To illustrate, here’s another exercise from Thomson:

“Crimes and outrages of all sorts have been committed under a full moon by a wide variety of people. The advice to derive from this is clear: when the moon is full, trust no-one, even yourself”.

And the answer in the back:

“This is an example of the flaw of assuming that because two things have occurred together, one has caused the other. The fact that crimes have been committed when the moon is full is not a good reason to believe that the full moon causes people to commit crimes.”

Hey that’s post hoc ergo prompter hoc!

Yes. It is. Bravo. Have a biscuit.

But a student would fail the quiz if they gave that answer.

They are (rightly) being asked to explain what the problem is, regardless of whether there is a neat little name for it. One reason for this is that giving the explanation demonstrates their understanding better than being able to name a fallacy ever could. But it also makes the criticism clearer both to them and to the person they are criticising.

Which is exactly what you want… or what you don’t want, depending on what the argument is for.

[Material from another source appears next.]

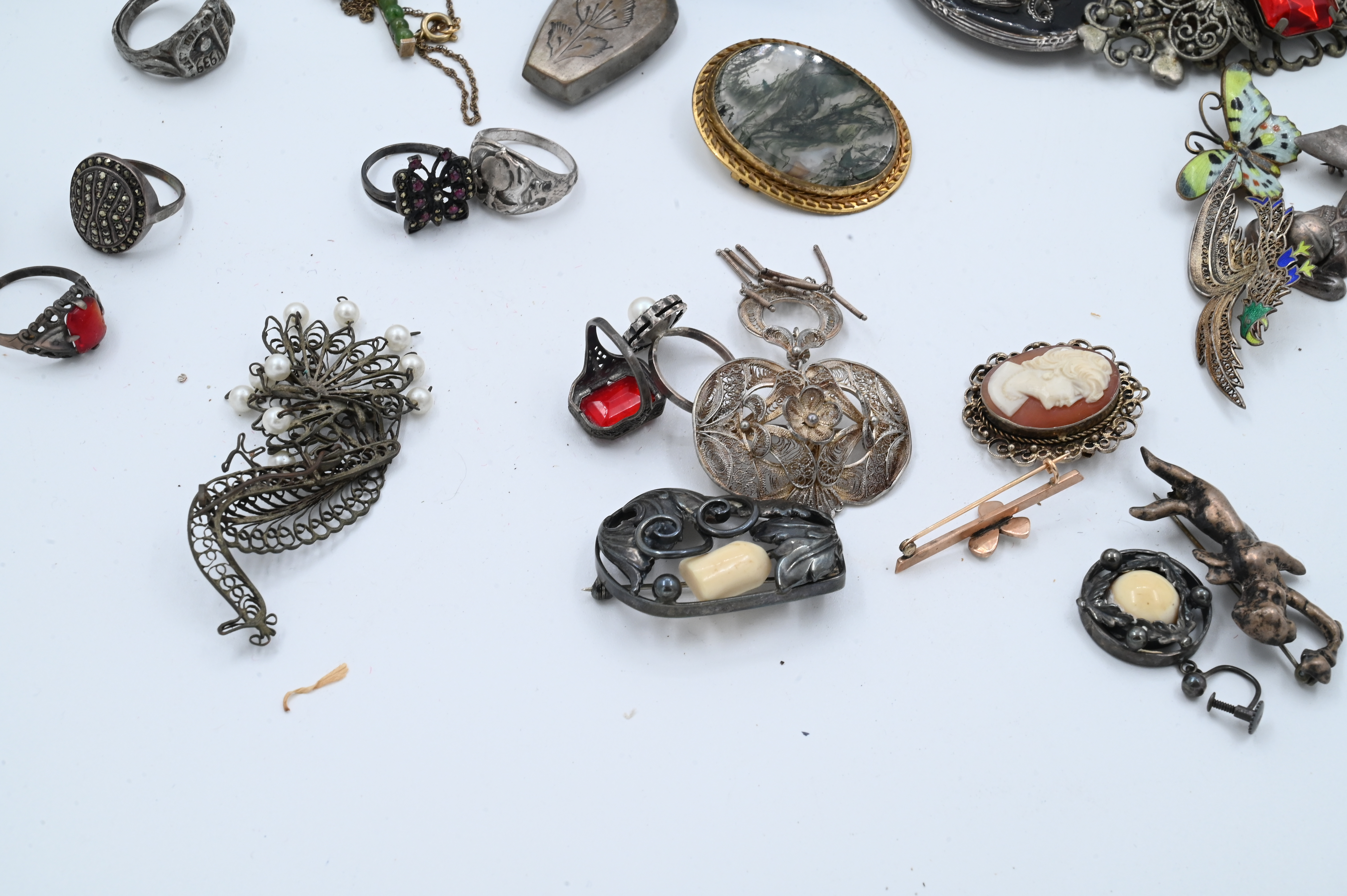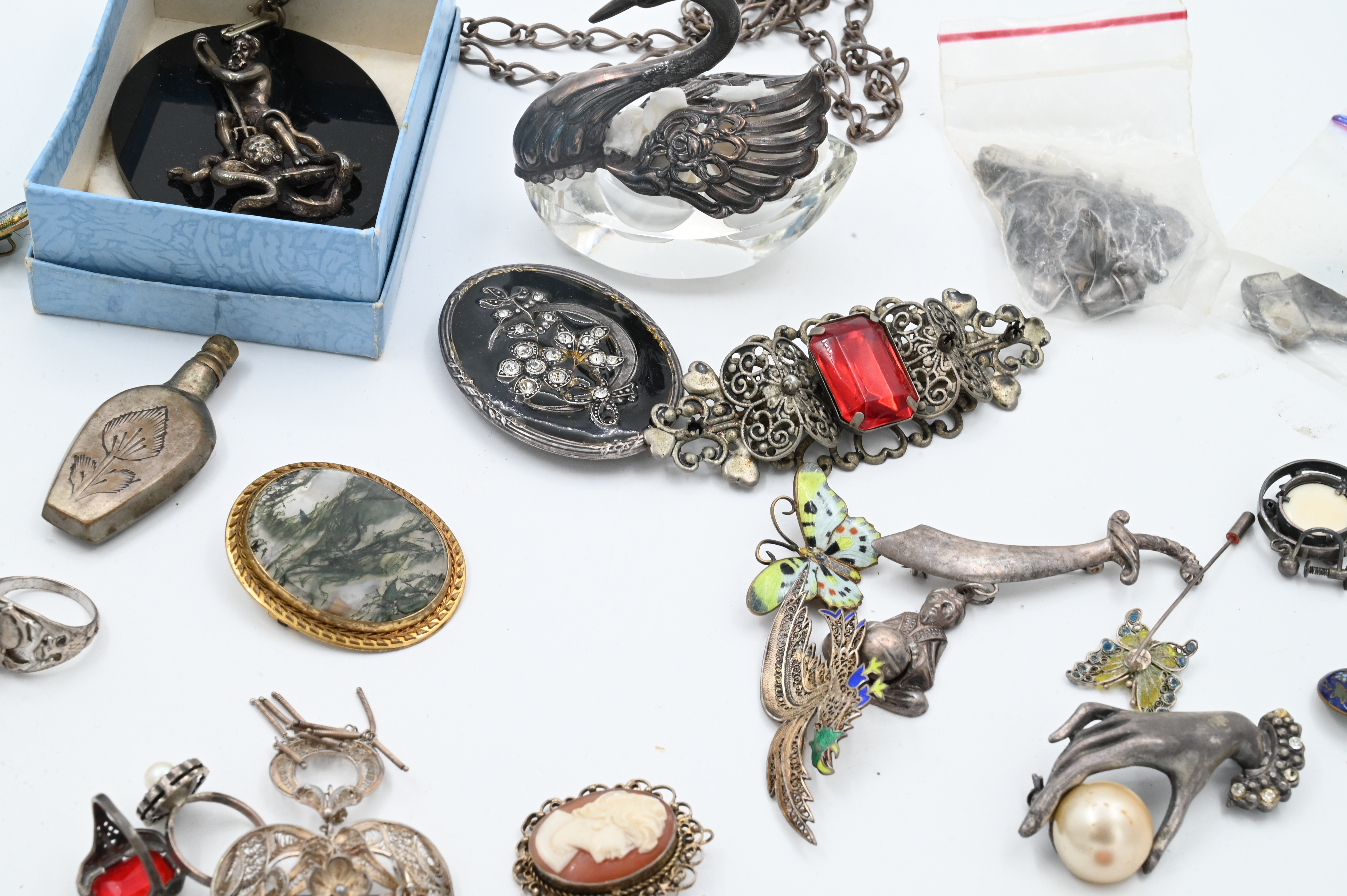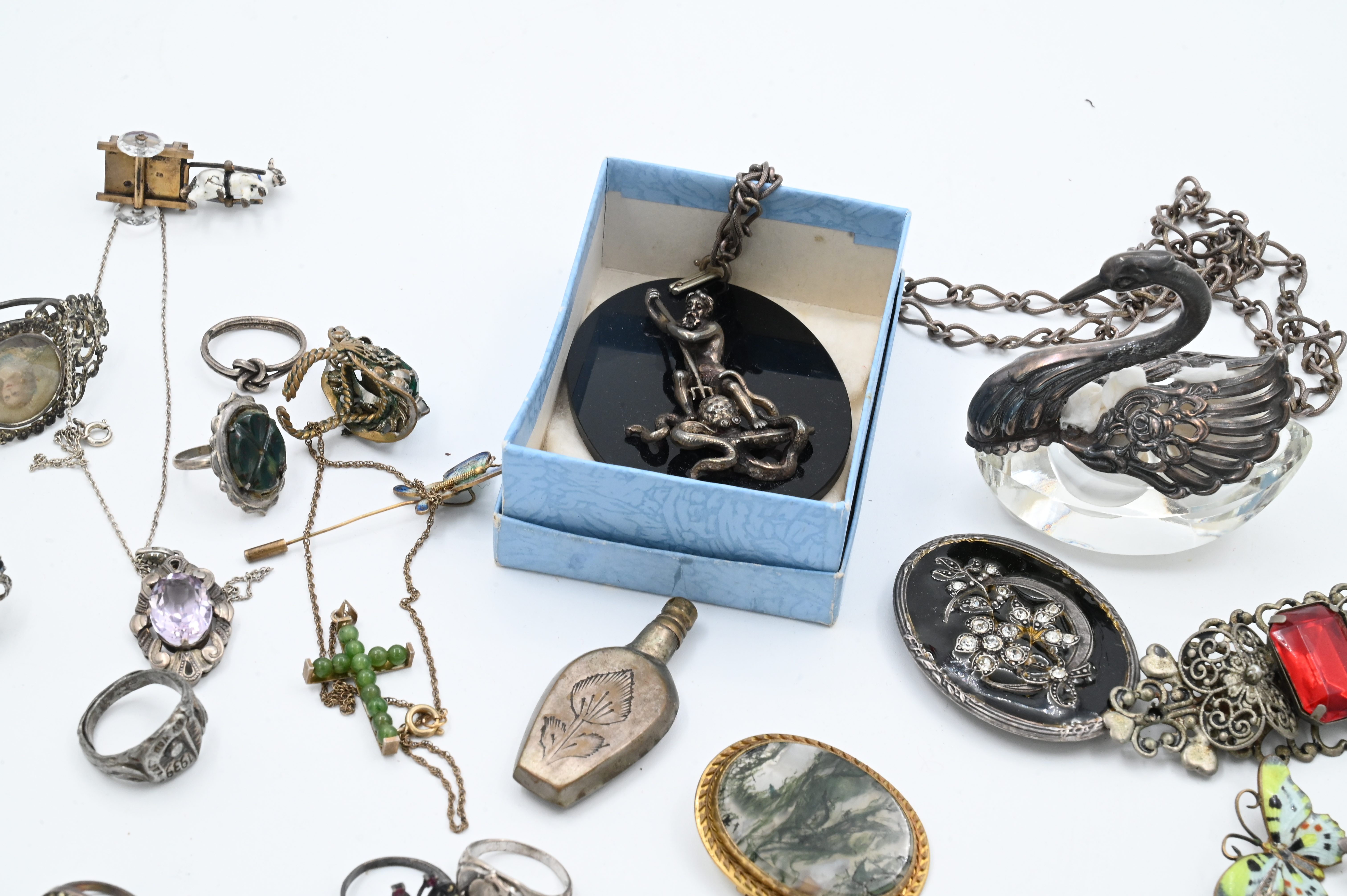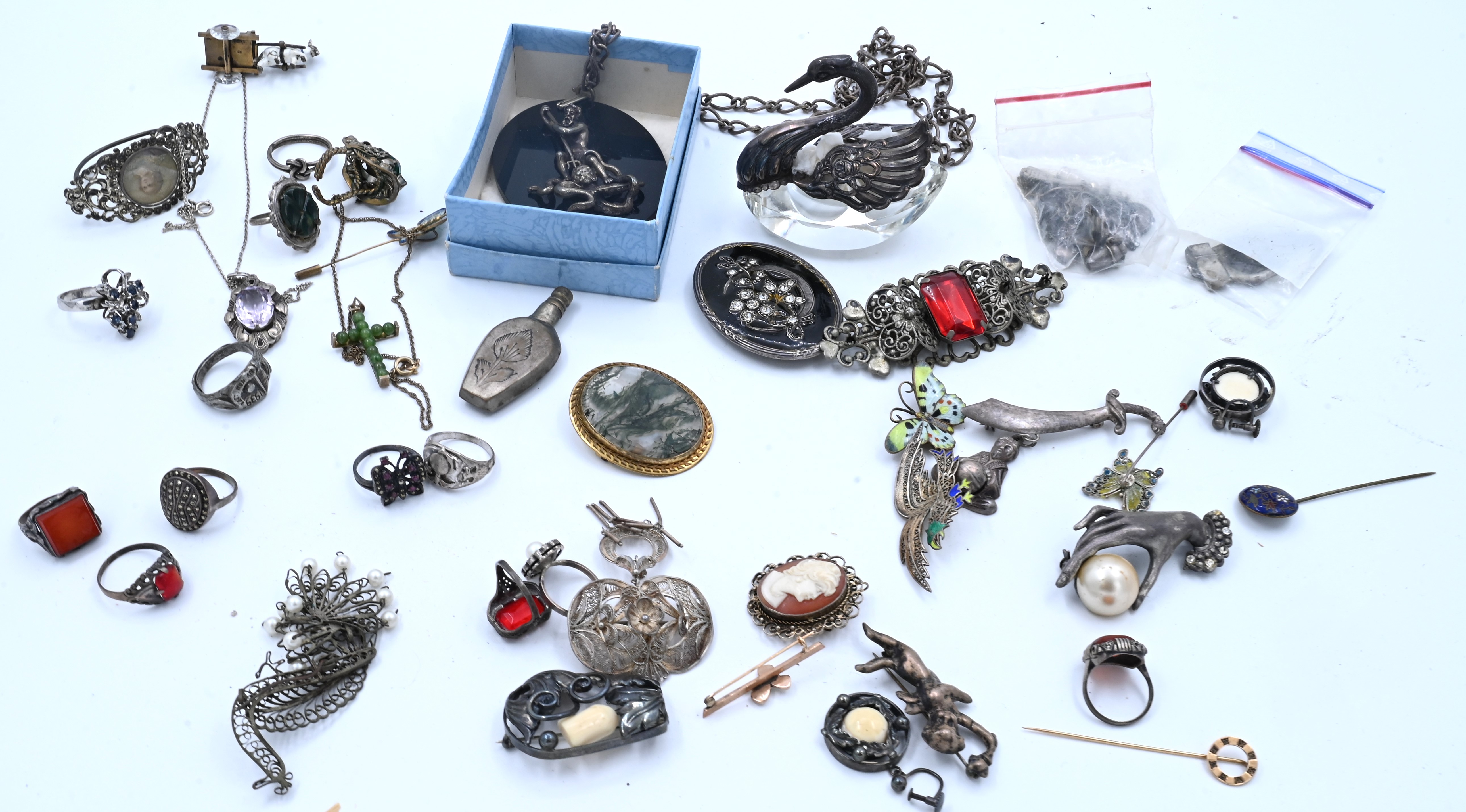 to include moss agate pin, silver overlay perfume bottle, snuff bottle, rings
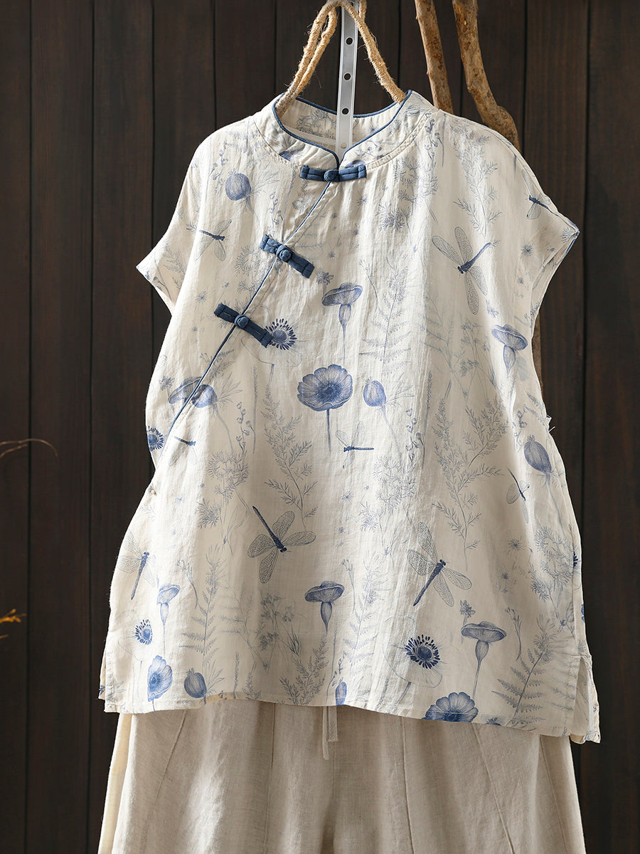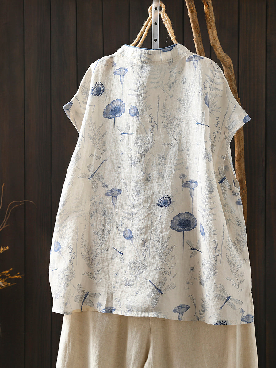 Kvinnors sommarblus med etnisk blommig krage

Looking back at this argument here:

“I don’t see why we should accept the new Criminal Justice Bill when the minister presented it to us in such an arrogant and domineering way.”

You could respond with:

“That’s nothing but an ad hominem attack.”


“Just because the minister is arrogant and domineering in his presentation style doesn’t mean that we shouldn’t accept the Criminal Justice Bill”.

The first response demonstrates that you know what an ad hominem attack is and that you think your opponent is guilty of it. The second shows the actual issues with this particular argument, lays them out clearly, and gives your opponent a better chance to give you a meaningful response: a response which you might end up convinced by.

The second response makes you less likely to win.

This is what ‘arguing well’ really means: increasing the possibility of your opponent convincing you that you are wrong. You will have to work harder. You will feel less clever. It is somewhat less fun. But you will make better arguments and better decisions than you ever could with a fallacious use of fallacies.